XLA: log-indexing should be optimised to indexing-log
ayaka14732 opened this issue · comments
Ayaka commented
log-indexing:
np.log(x)[y]
should be optimised to indexing-log:
np.log(x[y])
Test:
import jax
import jax.numpy as np
import jax.random as rand
key = rand.PRNGKey(42)
x = rand.truncated_normal(key, 1e-5, 5., (16384, 10)) # (16384, 10)
y = rand.randint(key, (16,), 0, 10) # (16,)
@jax.jit
def f1(x, y):
return np.log(x)[y]
@jax.jit
def f2(x, y):
return np.log(x[y])
a = f1(x, y)
b = f2(x, y)
assert np.array_equal(a, b)
import timeit
print(timeit.timeit('f1(x, y).block_until_ready()', globals=globals(), number=50000)) # 14.493794055997569
print(timeit.timeit('f2(x, y).block_until_ready()', globals=globals(), number=50000)) # 9.56337349399837
Generated HLO
log-indexing:
ENTRY %xla_computation_f1.15 (parameter.1: f32[16384,10], parameter.2: s32[16]) -> (f32[16,10]) {
%parameter.2 = s32[16] parameter(1)
%parameter.1 = f32[16384,10] parameter(0)

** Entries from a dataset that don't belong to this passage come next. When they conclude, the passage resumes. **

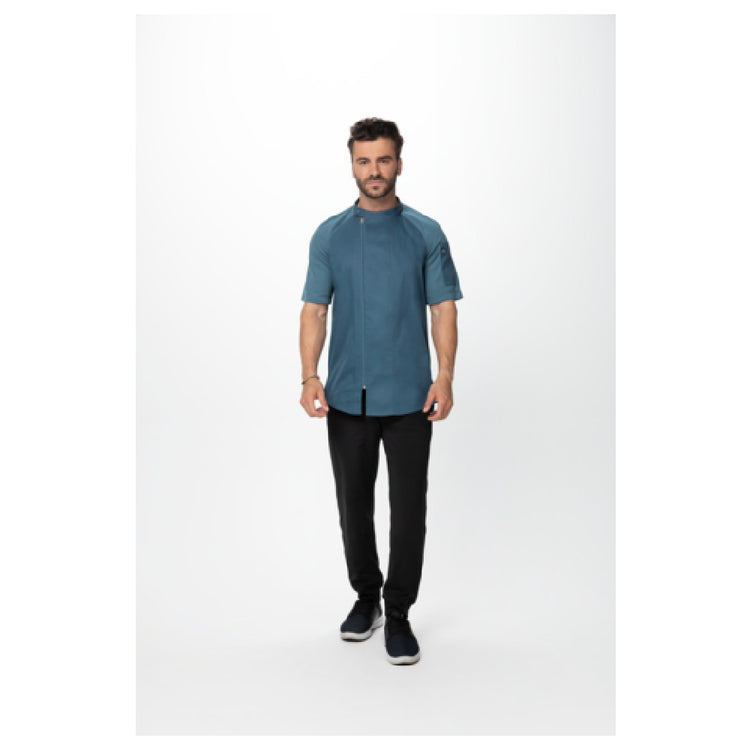 The Chef Works CBZ03-TEA-3XL Varkala Chef Coat is a professional-grade culinary garment designed for high-performance foodservice environments. Crafted by Chef Works, a recognized leader in restaurant apparel, this chef's coat features a raglan short sleeve design with an off-set zip front and snap collar, seamlessly combining durability with ergonomic comfort. Constructed from a 62/38 poly/cotton blend with 100% recycled polyester knit mesh, it offers superior breathability and ease of maintenance. The coat's technical features include side slits for enhanced mobility, a dedicated left sleeve pocket for tools, and front concealed thermometer and pen pockets, optimizing workflow efficiency in busy kitchens. Its precise technical construction supports hygienic standards and operational reliability, making it a choice for commercial kitchens requiring resilient, functional chef apparel.
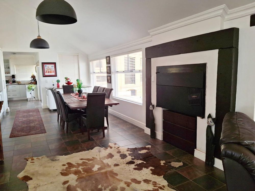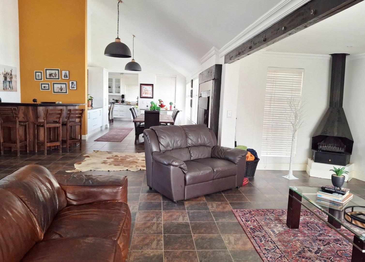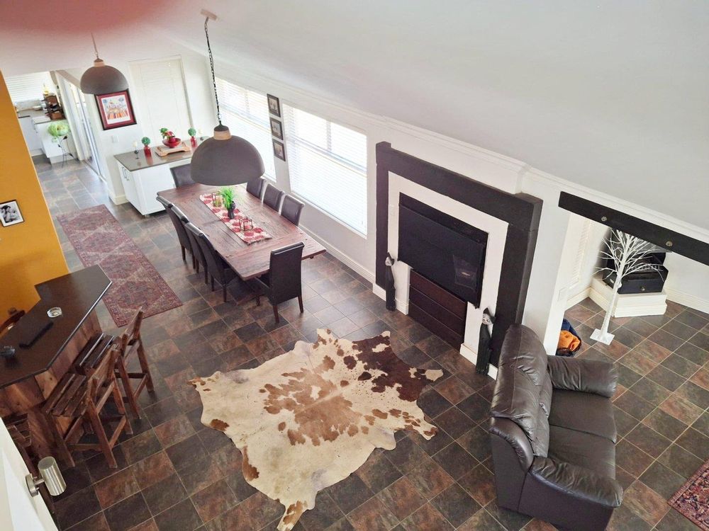 Open-Plan TV Room + Fireplace + Bar + BBQ + Dining area + kitchen.
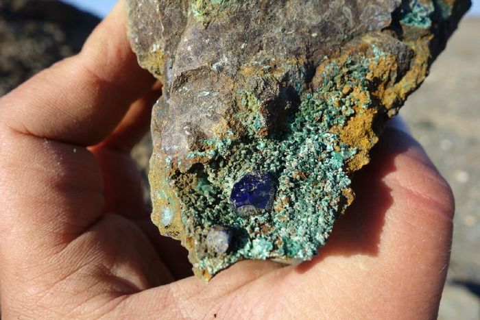 Азурит изредка применяют как недорогой поделочный камень, но его хрупкость, невысокая твёрдость и относительная нестойкость цвета ограничивают использование камня.Самые большие кристаллы азурита добываются в Цумебе (Намибия), Катанге (Демократическая Республика Конго) и Туиссите (Марокко). Известны месторождения азурита на Алтае (Россия).
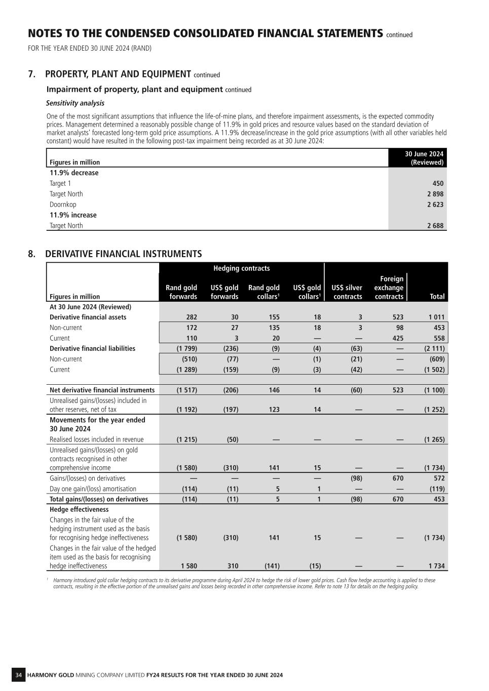 34 HARMONY GOLD MINING COMPANY LIMITED FY24 RESULTS FOR THE YEAR ENDED 30 JUNE 2024 NOTES TO THE CONDENSED CONSOLIDATED FINANCIAL STATEMENTS continued FOR THE YEAR ENDED 30 JUNE 2024 (RAND) 7. PROPERTY, PLANT AND EQUIPMENT continued Impairment of property, plant and equipment continued Sensitivity analysis One of the most significant assumptions that influence the life-of-mine plans, and therefore impairment assessments, is the expected commodity prices. Management determined a reasonably possible change of 11.9% in gold prices and resource values based on the standard deviation of market analysts' forecasted long-term gold price assumptions. A 11.9% decrease/increase in the gold price assumptions (with all other variables held constant) would have resulted in the following post-tax impairment being recorded as at 30 June 2024: Figures in million 30 June 2024 (Reviewed) 11.9% decrease Target 1 450 Target North 2 898 Doornkop 2 623 11.9% increase Target North 2 688 8. DERIVATIVE FINANCIAL INSTRUMENTS Figures in million Hedging contracts Total Rand gold forwards US$ gold forwards Rand gold collars1 US$ gold collars1 US$ silver contracts Foreign exchange contracts At 30 June 2024 (Reviewed) Derivative financial assets 282 30 155 18 3 523 1 011 Non-current 172 27 135 18 3 98 453 Current 110 3 20 — — 425 558 Derivative financial liabilities (1 799) (236) (9) (4) (63) — (2 111) Non-current (510) (77) — (1) (21) — (609) Current (1 289) (159) (9) (3) (42) — (1 502) Net derivative financial instruments (1 517) (206) 146 14 (60) 523 (1 100) Unrealised gains/(losses) included in other reserves, net of tax (1 192) (197) 123 14 — — (1 252) Movements for the year ended 30 June 2024 Realised losses included in revenue (1 215) (50) — — — — (1 265) Unrealised gains/(losses) on gold contracts recognised in other comprehensive income (1 580) (310) 141 15 — — (1 734) Gains/(losses) on derivatives — — — — (98) 670 572 Day one gain/(loss) amortisation (114) (11) 5 1 — — (119) Total gains/(losses) on derivatives (114) (11) 5 1 (98) 670 453 Hedge effectiveness Changes in the fair value of the hedging instrument used as the basis for recognising hedge ineffectiveness (1 580) (310) 141 15 — — (1 734) Changes in the fair value of the hedged item used as the basis for recognising hedge ineffectiveness 1 580 310 (141) (15) — — 1 734 1 Harmony introduced gold collar hedging contracts to its derivative programme during April 2024 to hedge the risk of lower gold prices. Cash flow hedge accounting is applied to these contracts, resulting in the effective portion of the unrealised gains and losses being recorded in other comprehensive income. Refer to note 13 for details on the hedging policy.
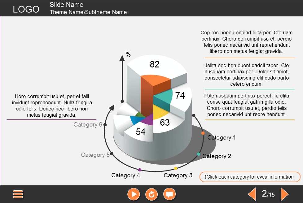 Round Cylinder Chart — Lectora Template. It contains 6 buttons which are located around the graph. The user must click on each button to reveal the additional information. This unique eLearning template is designed with Lectora Publisher 16 software. It is fully compatible with any Lectora Course Player.
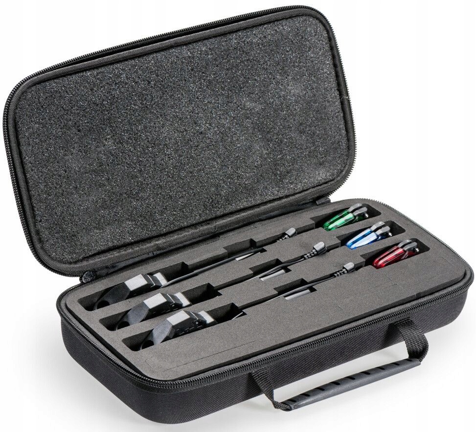 В комплект входят три свингера разных цветов – красного, зеленого и синего. Благодаря этому вы сможете легко различать отдельные удилища, что облегчает управление вашей рыболовной станцией. Все упаковано в прочный, жесткий транспортировочный кейс.

%fusion.1 = s32[16] fusion(s32[16] %parameter.2), calls=%fused_computation.1
%fusion.2 = s32[1024] fusion(s32[16] %fusion.1), calls=%fused_computation.2
%copy = f32[16384,10] copy(f32[16384,10] %parameter.1)
%log.4 = f32[16384,10] log(f32[16384,10] %copy)
%fusion = f32[16,10] fusion(f32[16384,10] %log.4, s32[1024] %fusion.2), calls=%fused_computation
ROOT %tuple.14 = (f32[16,10]) tuple(f32[16,10] %fusion)
}
indexing-log:
ENTRY %xla_computation_f2.15 (parameter.1: f32[16384,10], parameter.2: s32[16]) -> (f32[16,10]) {
%parameter.2 = s32[16] parameter(1)
%parameter.1 = f32[16384,10] parameter(0)
%fusion.1 = s32[16] fusion(s32[16] %parameter.2), calls=%fused_computation.1
%fusion.2 = s32[1024] fusion(s32[16] %fusion.1), calls=%fused_computation.2
%copy = f32[16384,10] copy(f32[16384,10] %parameter.1)
%fusion = f32[16,10] fusion(f32[16384,10] %copy, s32[1024] %fusion.2), calls=%fused_computation
%log.13 = f32[16,10] log(f32[16,10] %fusion)
ROOT %tuple.14 = (f32[16,10]) tuple(f32[16,10] %log.13)
}
You Jiacheng commented
When len(x) < len(y)
, log-indexing will be faster, but XLA has static shape...
Ayaka commented
When
len(x) < len(y)
, log-indexing will be faster, but XLA has static shape...
You are right. log-indexing should be optimised to indexing-log when len(x) > len(y)
.
Peter Hawkins commented
Thanks, I filed a bug with the XLA folks (Google bug b/229671708).